This talk covers two recent developments in machine learning that address challenges beyond standard accuracy-based objectives. In the first part, we focus on AUC maximisation, which is more suitable than accuracy for learning with imbalanced data. We present novel min-max reformulations and efficient stochastic primal-dual algorithms that decouple the pairwise structure of AUC, enabling scalable optimisation in both streaming and deep learning settings.
In the second part, we turn to contrastive representation learning (CRL), a foundational approach in self-supervised learning. We develop new generalisation error bounds for CRL using Rademacher complexity and vector-contraction inequalities, addressing key gaps between theory and empirical success. Our results show that, under suitable conditions, the number of negative samples has only a mild effect on generalisation, and we also quantify how contrastive representations support downstream classification tasks.
Together, these results offer theoretical insights and algorithmic tools for learning in settings where accuracy alone is not enough—whether due to imbalanced data or the need for strong representations from unlabelled data.
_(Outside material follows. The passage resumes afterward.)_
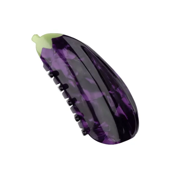 Cette Pince À Cheveux Aubergine Aux Tons Violet Intense Couronnée D’Un Mignon Chapeau Vert Illuminera Votre Chevelure ! Ce Bijou De Tête À Effet Nacré Ne Passera Pas Inaperçu, Et Vous Assurera Une Coiffure En Deux Temps Trois Mouvements. Cette Pince Est Réalisée En Acétate De Cellulose Recyclée Et Biodégradable.

Yiming Ying is a Professor at the School of Mathematics and Statistics at the University of Sydney. Previously, he was a tenured Professor in the Department of Mathematics and Statistics and an affiliated faculty member in the Department of Computer Science at SUNY Albany. His research interests span statistical learning theory, trustworthy machine learning, and optimization. He has received the University at Albany’s Presidential Award for Excellence in Research and Creative Activities (2022) and the SUNY Chancellor’s Award for Excellence in Scholarship and Creative Activities (2023). His research has been supported by various agencies including the Australian Research Council (ARC), NSF, IBM, the UK Engineering and Physical Sciences Research Council (EPSRC), and the NHS Foundation Trust.